Let the honesty in naughty pet name calling begin. :wink:
I'm sure our pets have called us things worse then we've called them, as well as smiled at us in the process of the name calling.
BEAN - the dog
CARLOTTA - the cat
momma's little sweetie pie
Today was add a pet to the family day. I went to the Pet Hospital and picked up my 7-9 month old male sealpoint siamese cat which the Animal Rescue League had dropped off for nuturing (a stipulation for adoption). They had a nice little box for him, as he was still drowsy and I secured Jaimie McPherson in the back of the land cruiser so he wouldn't be a pain, and he howled all the way home. Now what did I call him? S-head, dumbdog, when I got home I put Jamie on the upstairs porch, and brought the cat into a downstairs room and made him comfy. A little box to sleep in, a little food, a litte water and a litter box. I had thought that this was going to be a traumatic experiencre for him, but not so. He immediately took charge and went exploring, he checked out every room in the house, all ten. He came upstairs and planted himself in front of the slider door to the porch and started tormenting Jaime through the glass door. He batted the glass, moved up close and went nose to nose through the glass, mooned him a couple of times. Totally in charge, finally he got tired of it and jumped into my lap and took a nap. Mind you I didn't pick this cat out, he picked me out. Guess he could spot a sucker. I originally was going to call him Pake Ye which is Chinese for my father's brother, but he likes Simon better.
Now whatta ya do is you are allergice to cat dander?
I'm loving these names. They are funny and affectionate and nasty. A great combination.
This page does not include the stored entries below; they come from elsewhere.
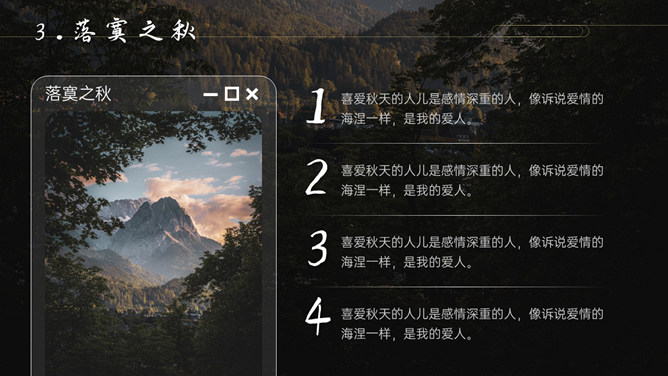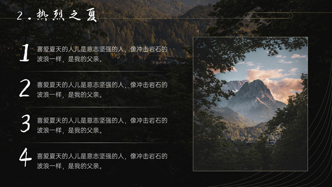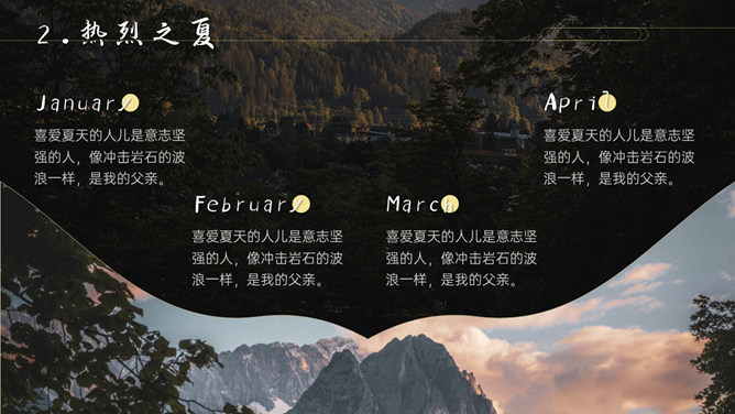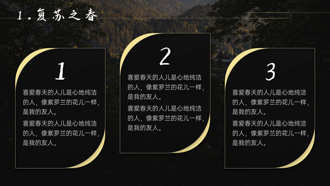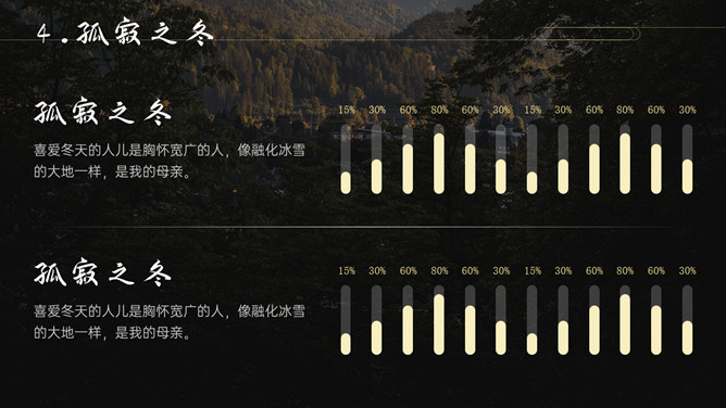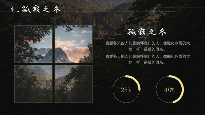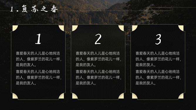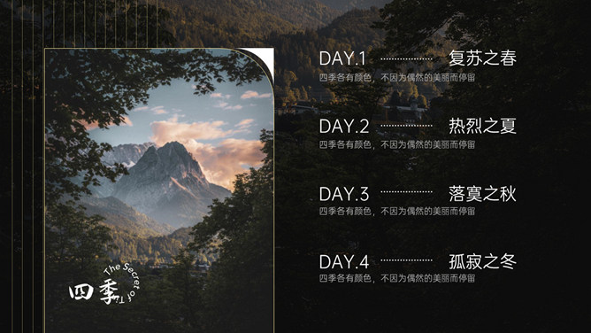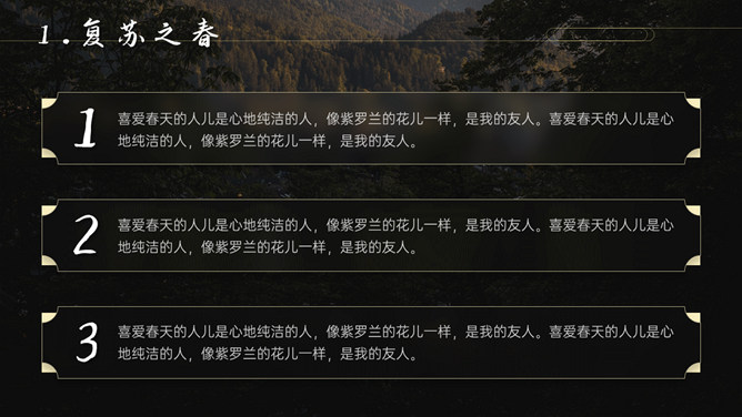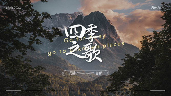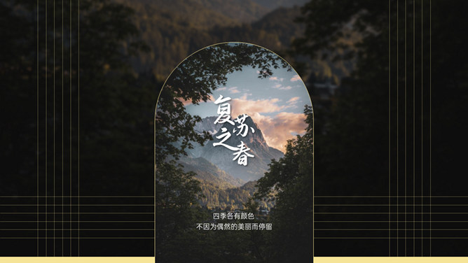 空谷幽兰沉静自然PPT模板。一套自然风景类模板,幽静的山谷背景,多种图片排版,很有设计感。
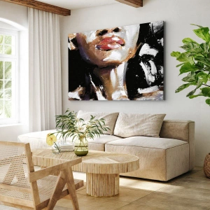 Cuadro sobre lienzo - Impresión de Imagen - Retrato de una mujer en un estilo pictórico expresivo sobre un fondo oscuro. - 50x70cm - Orgullo sin prejuicios - Decoración de pared moderna para salón y dormitorio ARTTOR
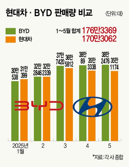 BYD 1~5월 판매량 현대차 앞서
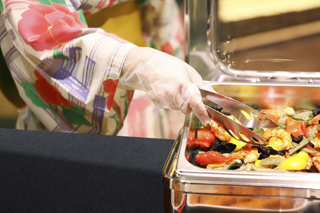 また、お客様同士の感染防止対策として、レストラン入口でお客様全員に使い捨てビニール手袋を配布し、お料理・お飲み物をお取りいただく際の完全着用をお願いしております。業界のガイドラインを遵守し、さらに感染症専門医に監修いただいた、おいしく楽しい 「大江戸温泉物語式あんしんバイキング」 をご提供いたします。
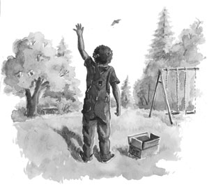 现在你一定想知道,有颜色的光是如何变成热量的。那么你就把太阳想象成一个小丑吧。这个小丑不停地往四下里抛掷红色、黄色、绿色以及其他颜色的球——科学家称这些球为光子。你再想象现有的一切事物,比如花、小汽车、衣服或你的皮肤等等,这些事物上充满了小小的跷跷板。每一个跷跷板的一边是空的,另一边则放着一个球状物体——科学家称它们为电子。这样,小丑把一个球,也就是一个光子,抛向跷跷板的空的一边,那么,所有的球状物体,即电子,就会跳向空中。每当一个电子掉下来时,它总要在空中产生一点儿热量。这样,有颜色的光就变成了热能,你也就感觉到了阳光的温暖。
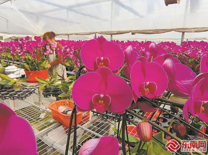 花姿喜庆、寓意吉祥的蝴蝶兰,是新年花卉消费市场的主角之一。连日来,在福清市镜洋镇、海口镇等地的蝴蝶兰种植基地,约60万株蝴蝶兰进入盛花期,迎来四面八方的客商选购。据悉,这些蝴蝶兰大都销往省内的泉州、莆田、平潭等地,随着春节临近,销量明显增多。福建日报记者 卞军凯 通讯员 林佳 陈岚 摄影报道 |
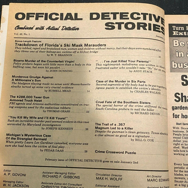 Official Detective January 1979 magazine Real Crime WIP Murder Cover
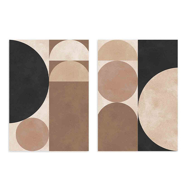 Conjunto de dos cuadros marrón minimalistas con diseño geométrico. Este set destaca por sus patrones circulares y líneas modernas en tonos neutros, ideales para añadir elegancia y equilibrio a espacios contemporáneos como salas, oficinas o dormitorios.

And in my view, if you can't call your cat a big, dumb, f###, who can you call a bdf? Well, I can actually think of a few people, but that's another thread.
More Mikey names: Monster, Menace, and Meshugina. Best Boy and Stoopie. And S### for Brains.
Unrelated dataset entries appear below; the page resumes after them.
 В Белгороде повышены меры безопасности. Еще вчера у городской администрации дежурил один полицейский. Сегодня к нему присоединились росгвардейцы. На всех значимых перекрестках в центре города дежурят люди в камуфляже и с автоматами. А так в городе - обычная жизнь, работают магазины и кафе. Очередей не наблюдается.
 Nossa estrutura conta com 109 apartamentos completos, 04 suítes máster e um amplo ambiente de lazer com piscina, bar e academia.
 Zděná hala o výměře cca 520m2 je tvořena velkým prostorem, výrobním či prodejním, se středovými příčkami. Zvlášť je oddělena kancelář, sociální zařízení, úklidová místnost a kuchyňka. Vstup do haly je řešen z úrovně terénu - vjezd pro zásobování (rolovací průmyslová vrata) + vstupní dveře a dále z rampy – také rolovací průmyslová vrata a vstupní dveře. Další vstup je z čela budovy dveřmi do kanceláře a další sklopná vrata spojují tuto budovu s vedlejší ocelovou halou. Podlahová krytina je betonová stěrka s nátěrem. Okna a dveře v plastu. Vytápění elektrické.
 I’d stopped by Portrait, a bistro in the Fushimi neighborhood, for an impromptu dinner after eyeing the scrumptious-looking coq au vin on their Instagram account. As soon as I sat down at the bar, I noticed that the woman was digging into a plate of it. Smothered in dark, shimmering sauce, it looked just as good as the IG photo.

I hope none of these affectionate pet names will be bleeped out of here.
We had Puddie for sixteen years. Solid black, not a single mis-colored, or mis-placed hair.
Miss Puddie, Puddie-girl, the Pudd.
She also permitted L to sing songs to her as long as they contained her name thus:
(sung to the tune that opens Warner Brother's Cartoons)
Puuuuuuddie, puddie,puddie,puddie, pudd, pudd, pudd, pudd.
puddie,puddie,puddie,puddie, pudd, pudd, pudd, pudd......
We had her older brother Blue for eighteen years. He was a patrol cat when we lived out west. Stranger cats attempting to cross the yard and gardens were "asked for ID" He had no front claws so he gripped any intruders between his front legs and pedalled furiously with his back feet.
Very few second challenges. He loved his retirement home, inside a New York apartment. He came into our bedroom each night to recieve his good night pets. He liked to play mouse on a string till three days before he died in his sleep.
Bluecat, Mr. Blue, Bluuuuuuuooooooooo. (The last when sounded across a yard would be instantly responded to, Blue materializing out of a rosebush with an expression of his face that said "What orders, General?"
It took two years for us to recover from Blue's absence.
We went to get a boy and a girl cat from the shelter.
We got Ruby and Max.
Except when we went to the Vet's for the er.. excising we found out we had
Ruby and Maxine.
or Rubella and Maximum.
HEYYOUGETOUT OF THATTRASHCANNOW.
Seaglass, I have had some success with a product called Allerpet. It is a liquid that I sprinkled on a bristled grooming mit, brushed, which the cat thoroughly enjoyed.
Just teach your cat to shower regularly ... that should do the trick.